Um lobo domesticado

Todo cachorro no fundo, é apenas um lobo domesticado. Convenci-me disso principalmente depois que comecei a ver como os cães se comportam ao passar em frente da minha casa e ver o nosso coelho: latem, rosnam e tentam avançar, como se pudessem derrubar o portão de casa. Nesse momento, deixam de ser animais domésticos e renasce neles o predador selvagem. Nesta última Páscoa, ainda bem cedo esta manhã, eu ouvi latidos escandalosos e fui verificar. Eram duas cadelas de olho no coelho que, muito próximo ao portão, observava-as com curiosidade enquanto elas queriam pegá-lo, ensandecidas.
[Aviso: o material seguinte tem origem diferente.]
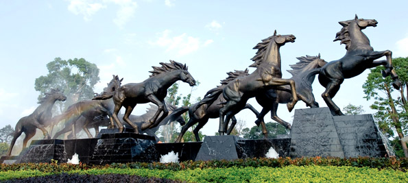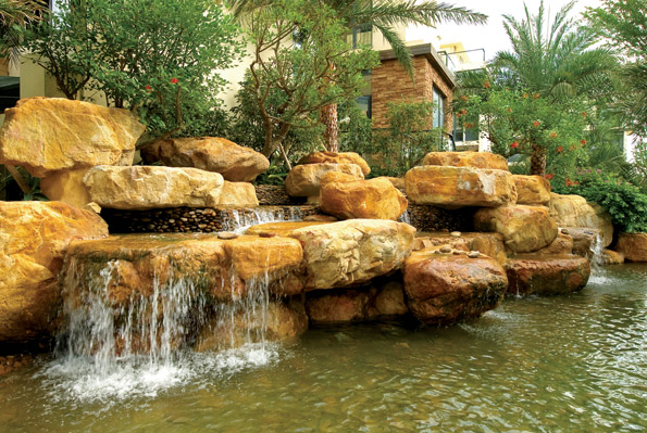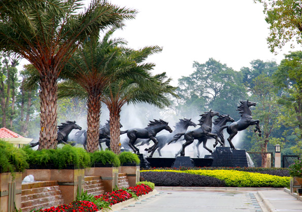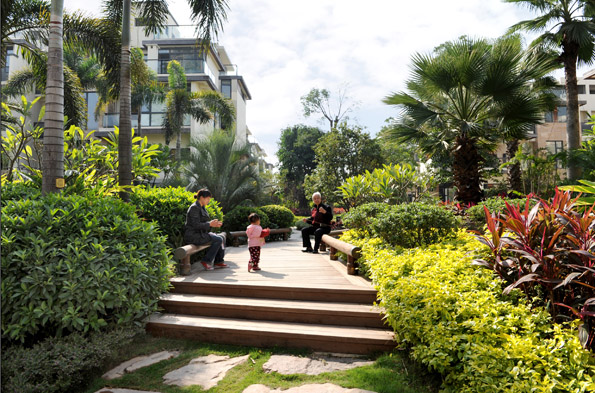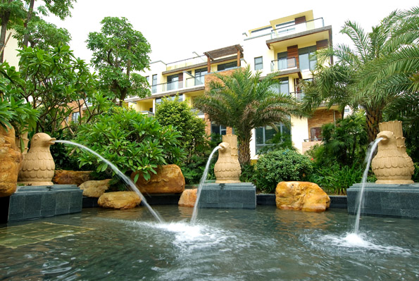 自然叠水室外泳池,搭配浓郁的热带植物、景观喷泉,一处景致诠释一袭情趣。局部品味,它们拥有各自独立的风格;整体观览,却又是一部和谐的交响曲。

Eu apenas ri e disse:

-Vocês não pegam ele não, pegam ele não.

Meu coelhinho é inocente, não percebe que os cachorros que passam em frente de casa e querem fazer lanche dele são um perigo, visto que nunca precisou se defender nem correr por sua vida. Dessa forma, quando os cães se aproximam do portão, ele fica apenas curioso. Eu às vezes rio e faço caretas para os cães, dizendo:

-Esqueçam, não podem pegá-lo.

Há um dono de um belo husky que costuma passear por aqui e sempre diz para mim:

-Não sei como alguém tem coragem de pegar um animal tão lindo como um coelho para matar e comer, jovem.

O husky dele é extremamente manso a ponto de eu passar a mão nele mas, ao ver meu coelho, comporta-se como um verdadeiro lobo. Eu mesma disse isso uma vez para o dono:

-Veja, seu cachorro está querendo caçar meu coelho.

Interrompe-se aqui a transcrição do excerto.